● Source information:
---

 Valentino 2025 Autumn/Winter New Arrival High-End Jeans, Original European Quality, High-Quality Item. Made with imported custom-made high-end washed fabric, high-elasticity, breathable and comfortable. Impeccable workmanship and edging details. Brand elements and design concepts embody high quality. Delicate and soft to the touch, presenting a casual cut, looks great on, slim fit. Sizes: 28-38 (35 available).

---

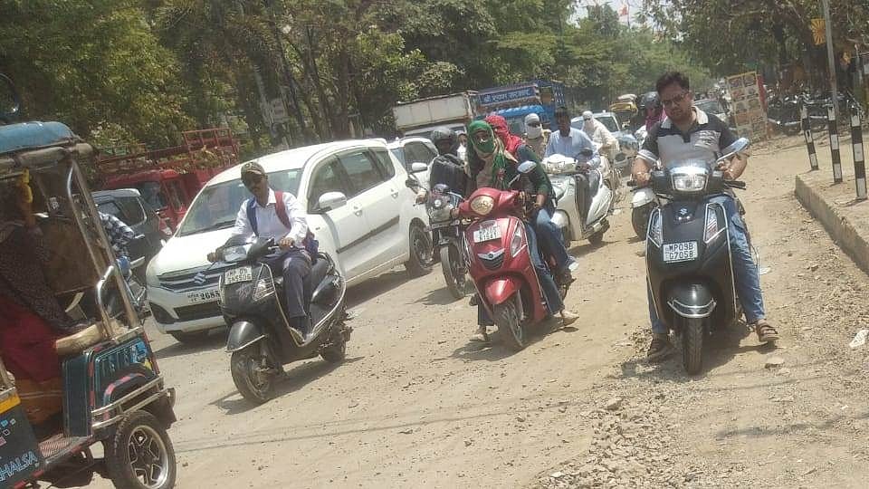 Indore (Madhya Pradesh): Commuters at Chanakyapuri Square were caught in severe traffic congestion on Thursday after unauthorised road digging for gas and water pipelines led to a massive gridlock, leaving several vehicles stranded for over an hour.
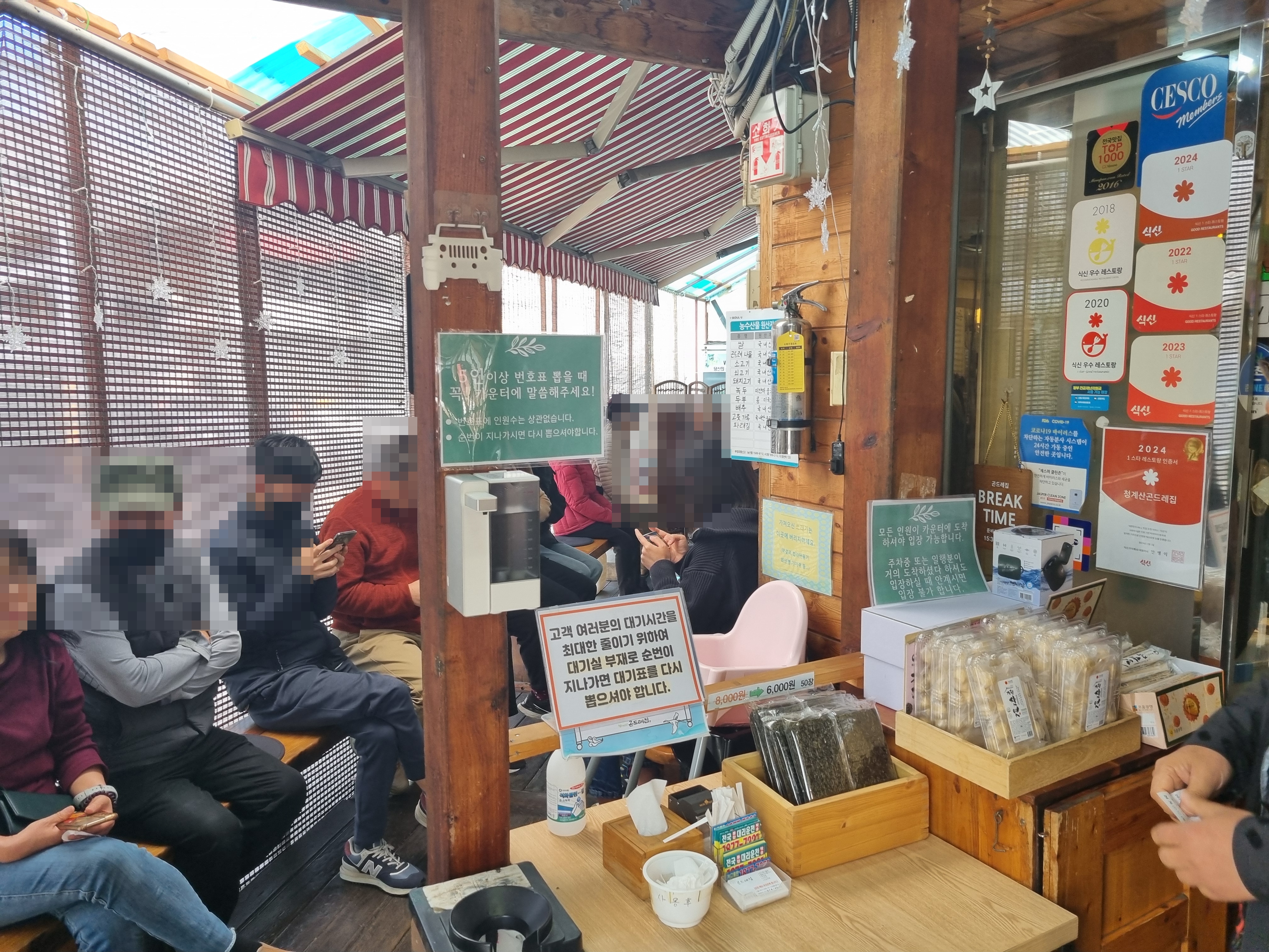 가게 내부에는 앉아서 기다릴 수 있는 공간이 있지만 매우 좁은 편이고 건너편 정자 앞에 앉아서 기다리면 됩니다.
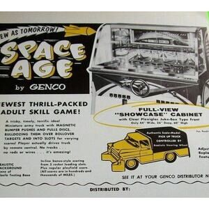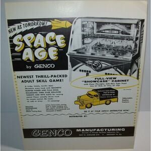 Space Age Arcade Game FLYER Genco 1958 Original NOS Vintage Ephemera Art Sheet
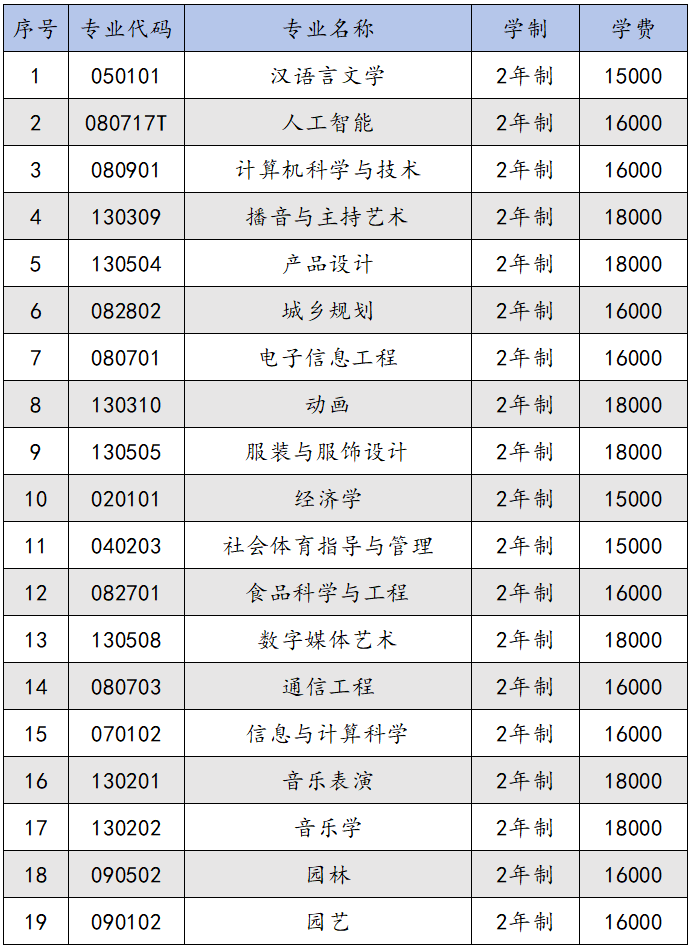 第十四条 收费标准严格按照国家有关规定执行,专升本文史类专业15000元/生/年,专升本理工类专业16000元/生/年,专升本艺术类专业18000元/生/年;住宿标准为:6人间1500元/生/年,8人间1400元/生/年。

---

● What the exercise asks: Above are the records; restate exactly the lines from the one containing "Space Age Arcade" through the one containing "第十四条 收费标准严格按照国", keeping pictures out.

● Result for this task:
 Space Age Arcade Game FLYER Genco 1958 Original NOS Vintage Ephemera Art Sheet
 第十四条 收费标准严格按照国家有关规定执行,专升本文史类专业15000元/生/年,专升本理工类专业16000元/生/年,专升本艺术类专业18000元/生/年;住宿标准为:6人间1500元/生/年,8人间1400元/生/年。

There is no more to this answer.